## INSTRUCTIONS TO FOLLOW
Beginning with the line containing "Popular elements: European" and ending with the line containing "Vajilla de melamina", write out each line of the records below exactly; pictures and lines outside that range are left out.

---------------

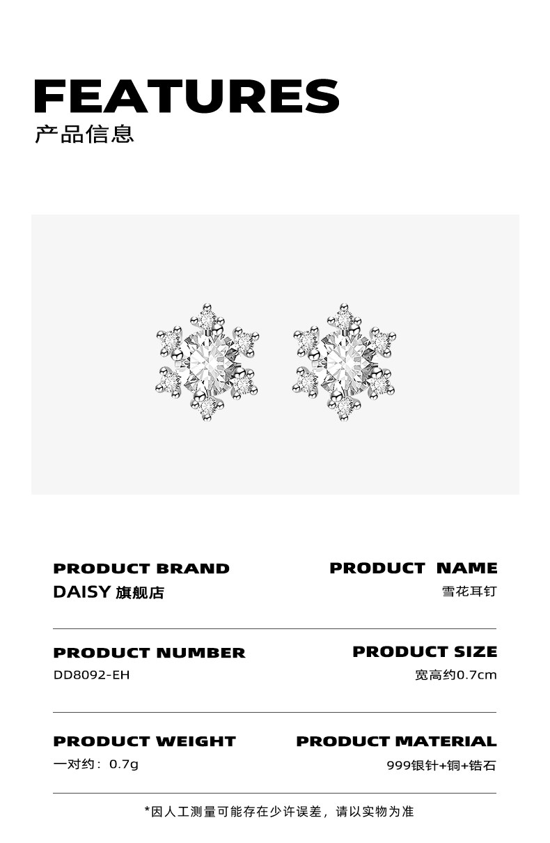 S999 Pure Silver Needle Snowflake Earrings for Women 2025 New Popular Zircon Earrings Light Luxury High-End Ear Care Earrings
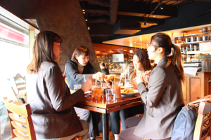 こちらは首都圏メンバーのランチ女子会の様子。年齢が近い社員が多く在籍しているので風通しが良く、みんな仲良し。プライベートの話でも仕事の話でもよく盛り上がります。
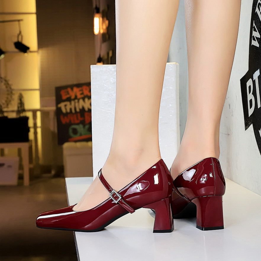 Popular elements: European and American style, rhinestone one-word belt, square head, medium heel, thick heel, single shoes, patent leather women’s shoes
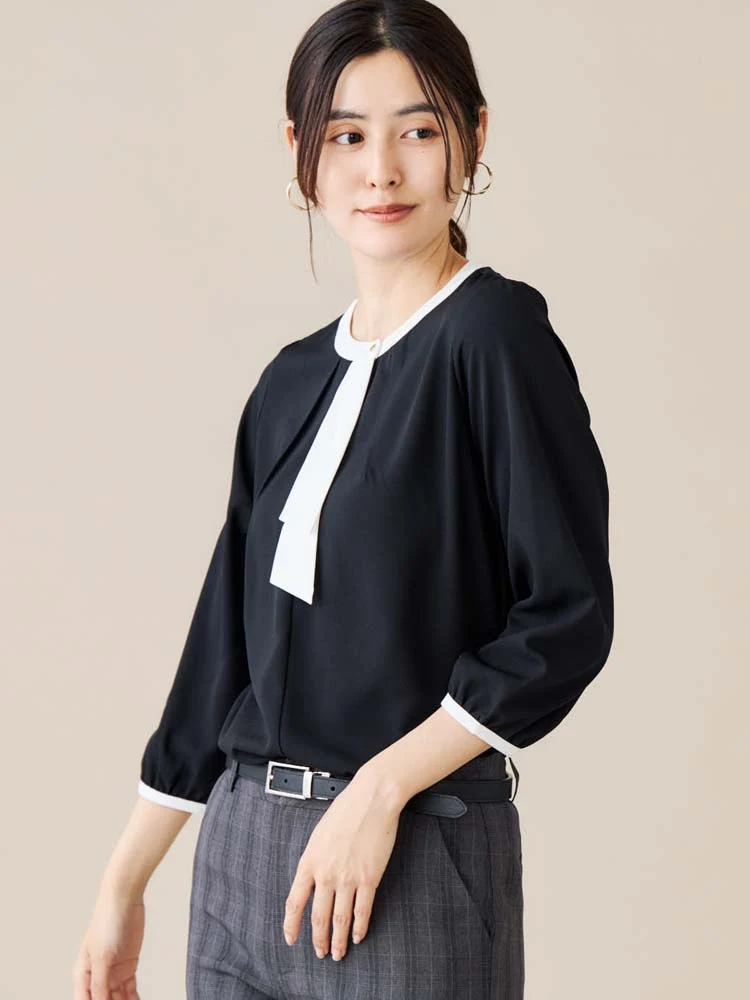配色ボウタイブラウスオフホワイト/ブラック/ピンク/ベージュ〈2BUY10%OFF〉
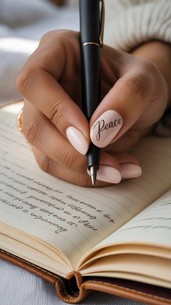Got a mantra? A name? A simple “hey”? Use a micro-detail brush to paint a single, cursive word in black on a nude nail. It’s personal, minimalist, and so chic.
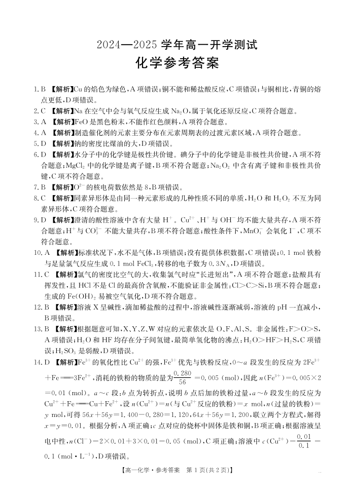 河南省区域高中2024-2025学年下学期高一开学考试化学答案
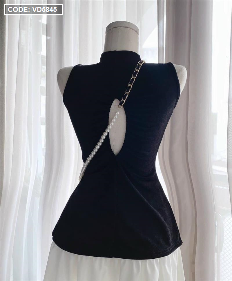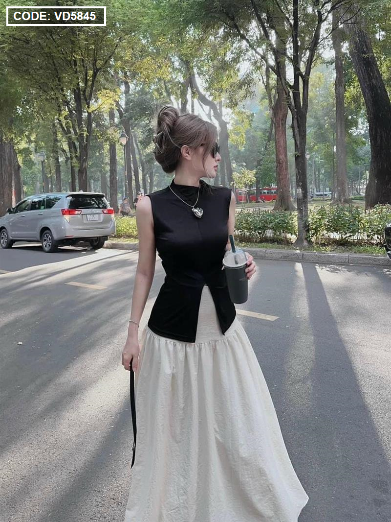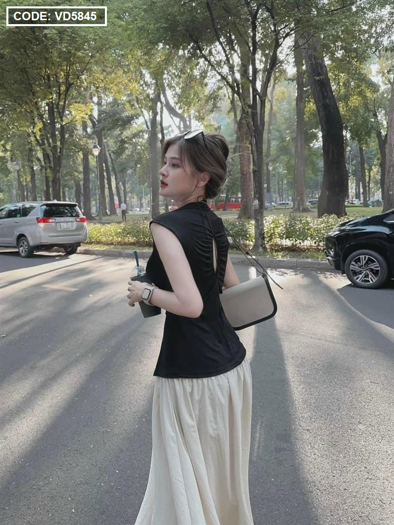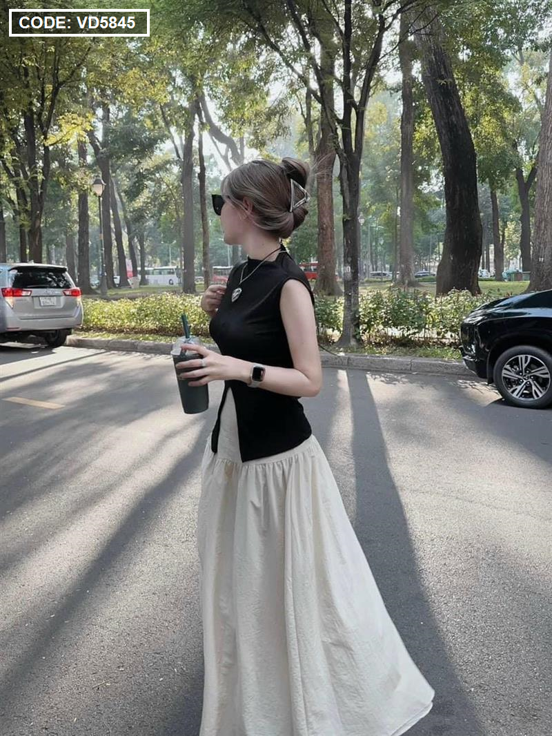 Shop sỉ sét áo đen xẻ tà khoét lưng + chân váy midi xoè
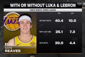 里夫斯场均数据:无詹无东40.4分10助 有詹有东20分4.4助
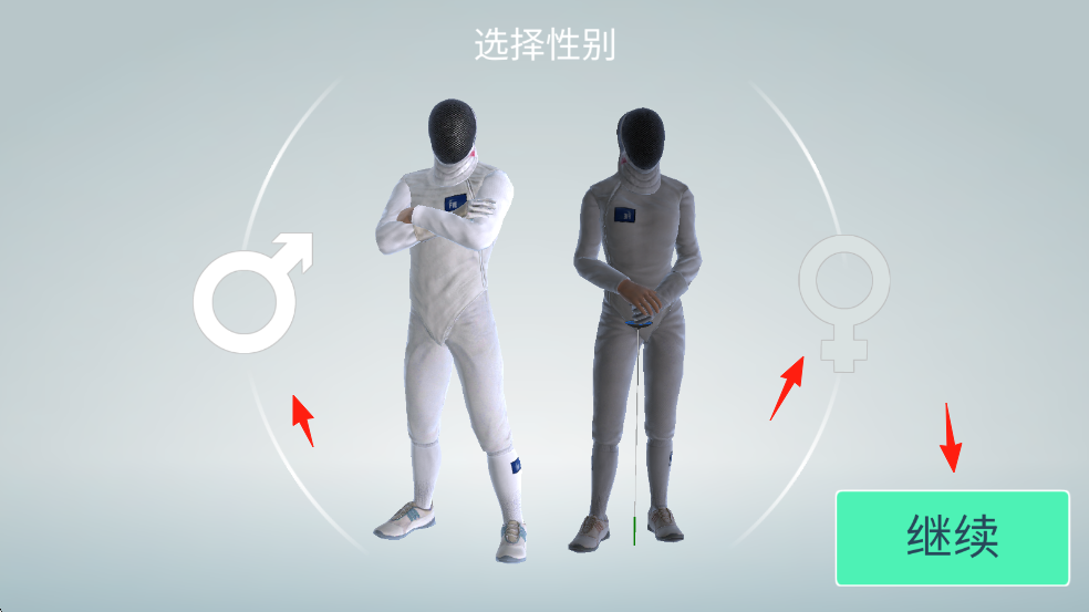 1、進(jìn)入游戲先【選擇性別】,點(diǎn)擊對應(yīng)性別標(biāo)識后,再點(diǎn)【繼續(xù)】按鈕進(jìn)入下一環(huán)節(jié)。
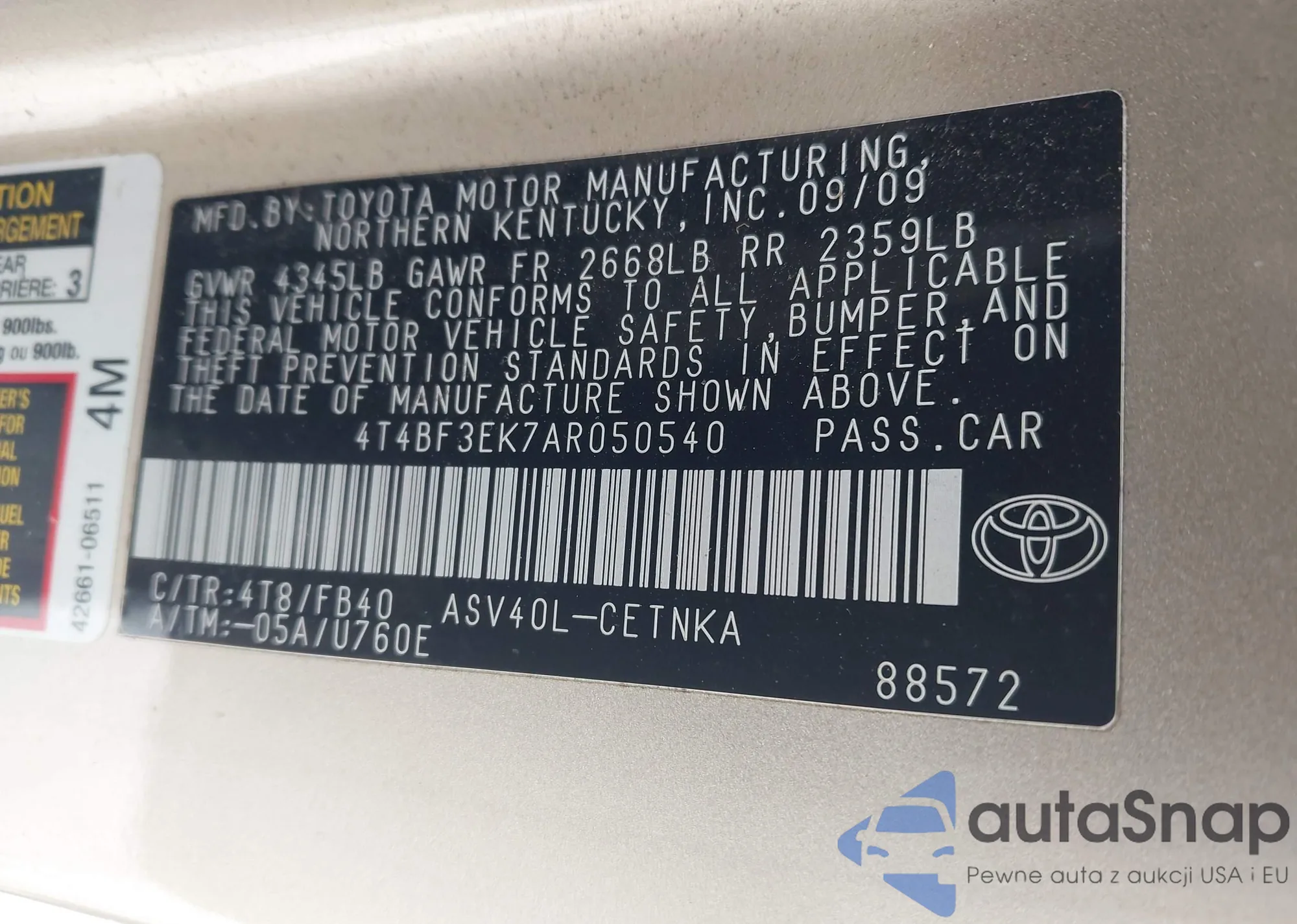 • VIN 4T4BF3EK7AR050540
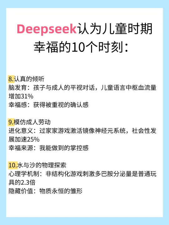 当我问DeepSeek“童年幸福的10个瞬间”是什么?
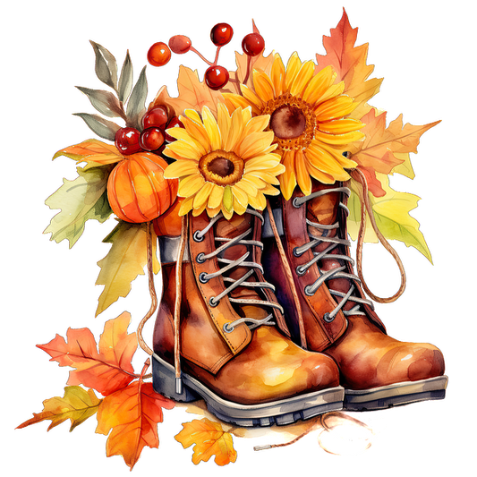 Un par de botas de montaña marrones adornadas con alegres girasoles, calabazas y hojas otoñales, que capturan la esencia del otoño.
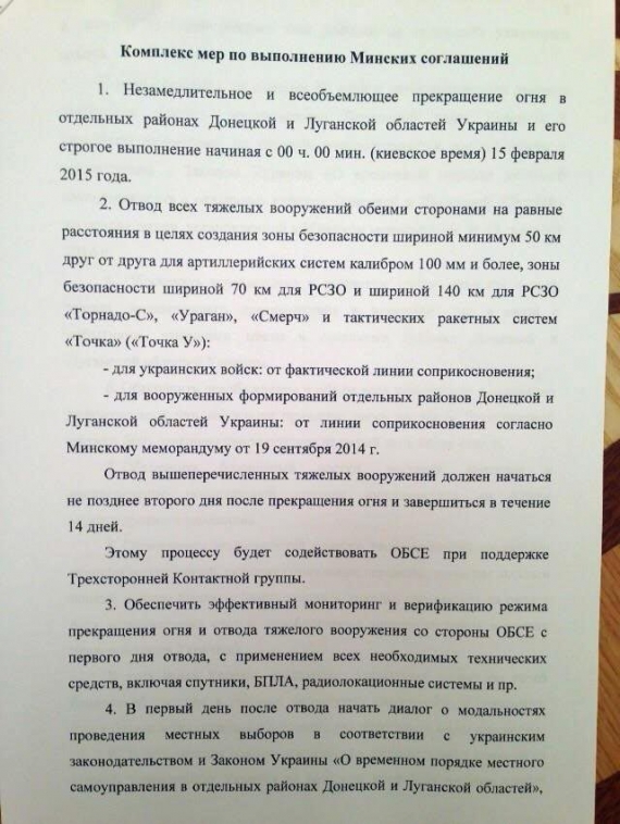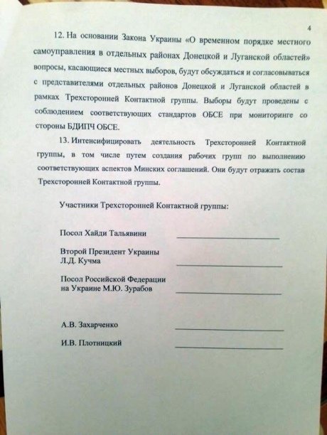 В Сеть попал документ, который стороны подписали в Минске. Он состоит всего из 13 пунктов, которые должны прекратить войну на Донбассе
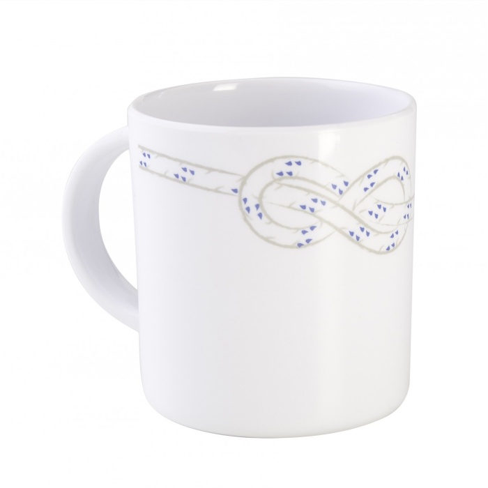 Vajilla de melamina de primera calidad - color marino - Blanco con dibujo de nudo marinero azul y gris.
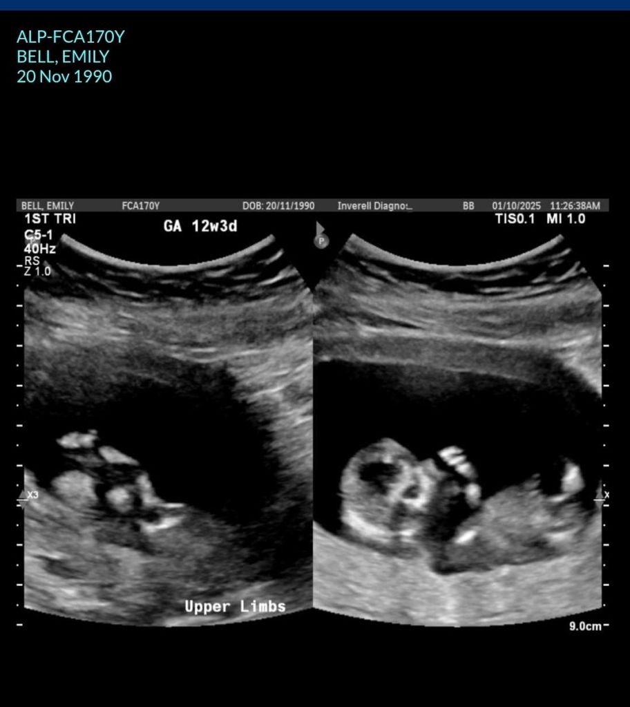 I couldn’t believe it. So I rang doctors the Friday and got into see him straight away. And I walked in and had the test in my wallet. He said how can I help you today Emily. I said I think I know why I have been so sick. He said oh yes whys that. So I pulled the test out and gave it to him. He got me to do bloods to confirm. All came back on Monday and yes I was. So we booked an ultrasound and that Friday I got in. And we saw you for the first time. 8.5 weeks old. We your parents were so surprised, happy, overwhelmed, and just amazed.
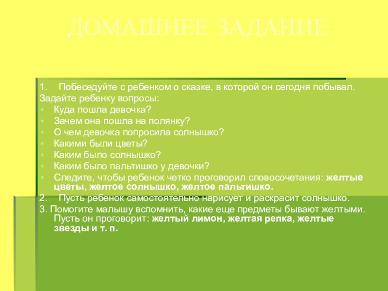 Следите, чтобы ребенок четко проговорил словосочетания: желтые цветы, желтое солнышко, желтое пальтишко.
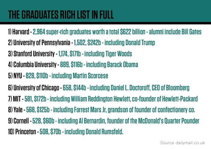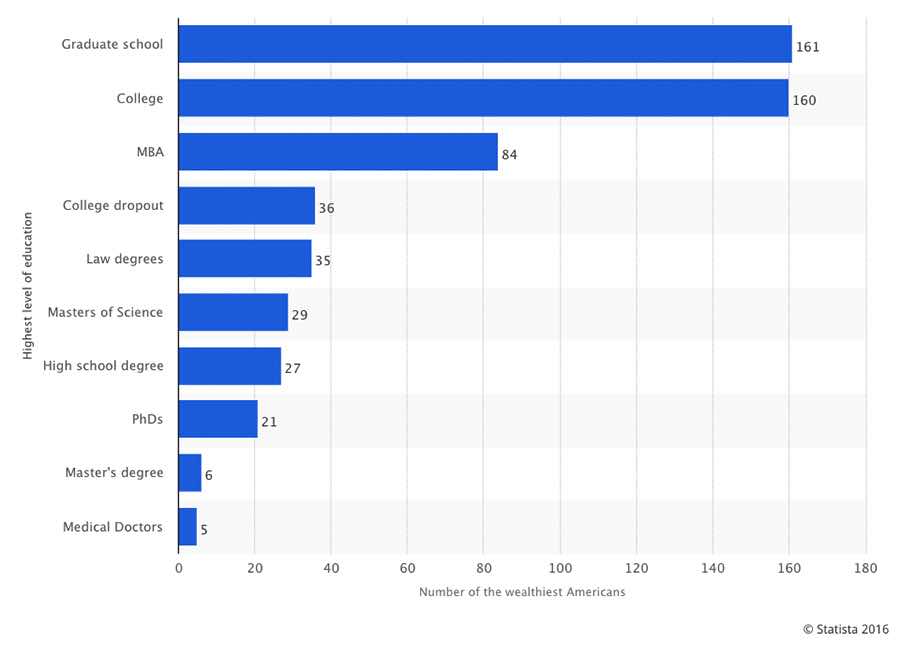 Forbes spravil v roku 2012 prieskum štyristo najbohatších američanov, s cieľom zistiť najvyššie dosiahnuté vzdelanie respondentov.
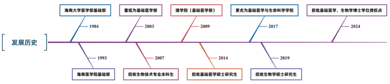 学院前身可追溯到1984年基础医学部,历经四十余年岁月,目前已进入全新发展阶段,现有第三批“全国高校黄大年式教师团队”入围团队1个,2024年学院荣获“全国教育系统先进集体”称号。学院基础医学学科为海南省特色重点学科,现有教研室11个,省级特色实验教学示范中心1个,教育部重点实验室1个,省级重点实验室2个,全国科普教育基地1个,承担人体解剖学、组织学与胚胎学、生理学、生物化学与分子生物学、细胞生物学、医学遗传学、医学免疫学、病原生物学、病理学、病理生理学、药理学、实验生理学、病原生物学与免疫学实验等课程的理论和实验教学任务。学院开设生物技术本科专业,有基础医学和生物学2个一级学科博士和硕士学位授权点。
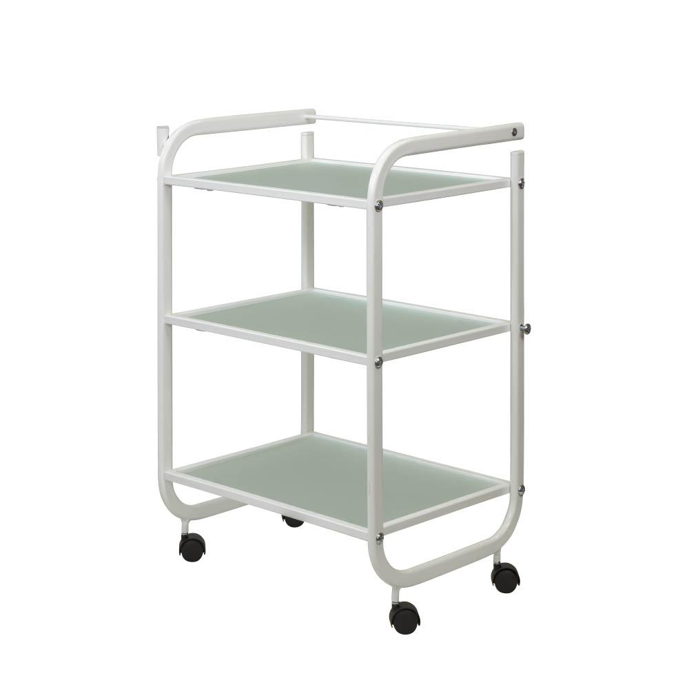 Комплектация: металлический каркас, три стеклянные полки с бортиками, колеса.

---------------

## OUTPUT OF THE EXERCISE
 Popular elements: European and American style, rhinestone one-word belt, square head, medium heel, thick heel, single shoes, patent leather women’s shoes
配色ボウタイブラウスオフホワイト/ブラック/ピンク/ベージュ〈2BUY10%OFF〉
Got a mantra? A name? A simple “hey”? Use a micro-detail brush to paint a single, cursive word in black on a nude nail. It’s personal, minimalist, and so chic.
 河南省区域高中2024-2025学年下学期高一开学考试化学答案
 Shop sỉ sét áo đen xẻ tà khoét lưng + chân váy midi xoè
 里夫斯场均数据:无詹无东40.4分10助 有詹有东20分4.4助
 1、進(jìn)入游戲先【選擇性別】,點(diǎn)擊對應(yīng)性別標(biāo)識后,再點(diǎn)【繼續(xù)】按鈕進(jìn)入下一環(huán)節(jié)。
 • VIN 4T4BF3EK7AR050540
 当我问DeepSeek“童年幸福的10个瞬间”是什么?
 Un par de botas de montaña marrones adornadas con alegres girasoles, calabazas y hojas otoñales, que capturan la esencia del otoño.
 В Сеть попал документ, который стороны подписали в Минске. Он состоит всего из 13 пунктов, которые должны прекратить войну на Донбассе
 Vajilla de melamina de primera calidad - color marino - Blanco con dibujo de nudo marinero azul y gris.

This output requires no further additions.